Mrs. Gecy initiated this action in June 1977 to set the release aside on the ground of mutual mistake of a material fact.
Both parties moved before the lower court for summary judgment under Circuit Court Rule 44. The trial judge granted summary judgment for Mrs. Gecy and this appeal by Prudential and the Harpers followed.
On appeal from an order of the lower court granting or denying a motion for summary judgment, this court will review the evidence and all reasonable inferences 'therefrom in the light most favorable to the party opposing the motion. Summary judgment should be granted only when it is clear there is no genuine issue as to any material fact and the moving party is entitled to judgment as a matter of law. Hyder v. Jones, 271 S. C. 85, 245 S. E. (2d) 123 (1978).
An action to set aside a release on the ground of mutual mistake is a proceeding in equity. Turner v. Washington Realty Co., 128 S. C. 271, 122 S. E. 768 (1924). As this case was heard by the trial judge without a reference, we may find the facts in accordance with our own view of the preponderance of the evidence. Townes Assoc. Ltd. v. City of Greenville, 266 S. C. 81, 221 S. E. (2d) 773 (1976).
This appeal may be resolved without determining whether the parties negotiated a settlement while laboring under a mutual mistake of fact regarding the nature and extent of Mrs. Gecy’s injuries. Thus, for the purposes of this appeal we will assume that the damage to Mrs. Gecy’s lumbar disc was an unknown injury and that both parties mistakenly believed Mrs. Gecy had suffered only non-permanent neck and back strain.

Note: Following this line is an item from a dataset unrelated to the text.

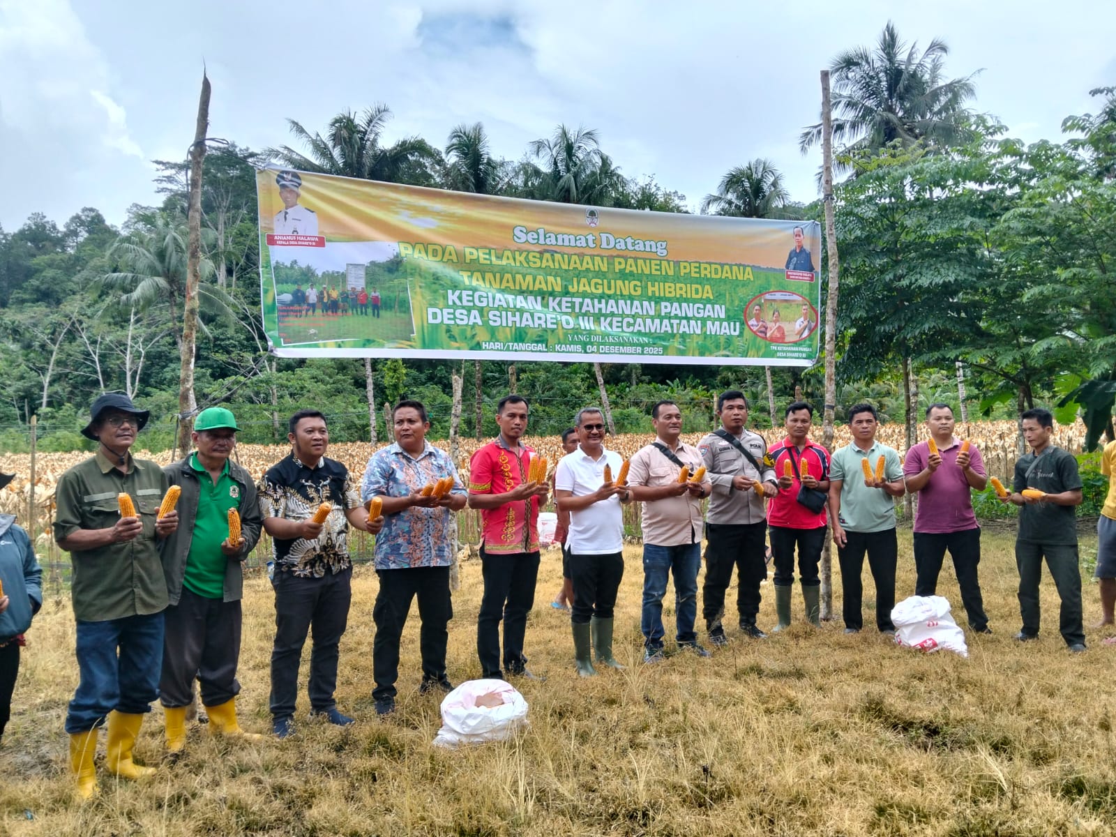 Nias (Berita) Panen Perdana Jagung Hibrida di lokasi Ketahanan Pangan dusun III desa Sihare’o III Kecamatan Ma’u Kabupaten Nias, pada hari Kamis (4/12/2025).

A clear and correct statement of the law applicable to the avoidance of a release for personal injuries on the ground of mistake was summarized by the Supreme Court of Minnesota in Schmidt v. Smith, 216 N. W. (2d) 669 (1974) as follows:
If there is to be avoidance of a release on the ground of mistake, it must be based upon a finding of unknown injuries that were in existence and were not within the contemplation of the parties when the settlement was agreed upon. But if the parties did in fact intentionally agree upon a settlement for unknown injuries, the release will be binding. 216 N. W. (2d) at 672.

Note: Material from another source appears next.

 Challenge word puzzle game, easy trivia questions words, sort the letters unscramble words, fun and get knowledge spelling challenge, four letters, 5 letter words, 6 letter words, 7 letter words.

See also: Myers v. Fecker Co., 252 N. W. (2d) 595 (Minn. 1977); Marshall v. Cundiff, 211 Va. 673, 180 S. E. (2d) 229 (1971); Sloan v. Standard Oil Co., 177 Ohio St. 149, 203 N. E. (2d) 237 (1964); Anno. 71 A. L. R. (2d) 82; 76 C. J. S. Release § 25; 66 Am. Jur. (2d) Release § 32.
We agree with this statement of the law and adopt it as the rule in this State.
Here, the parties agreed upon a settlement after deliberate negotiations. Mrs. Gecy was represented by counsel and she executed the release at her own convenience outside the presence and without the influence of Prudential’s agent. The release is contained wholly on the face of one piece of paper and plainly states that subsequently discovered unknown injuries are covered by the release. While we recognize that equity may look beyond the wording of the release to determine whether the parties actually intended the release to cover subsequently discovered unknown injuries, Sloan v. Standard Oil Co., supra; 30 C. J. S. Equity § 47; 27 Am. Jur. (2d) Equity § 35, Mrs. Gecy did not ask the lower court to exercise its equity power in this fashion. Mrs. Gecy neither alleged in her complaint nor offered evidence to establish that the release was not intended to cover unknown injuries. On this record we can only conclude that the parties intended that all claims for injuries would be relinquished.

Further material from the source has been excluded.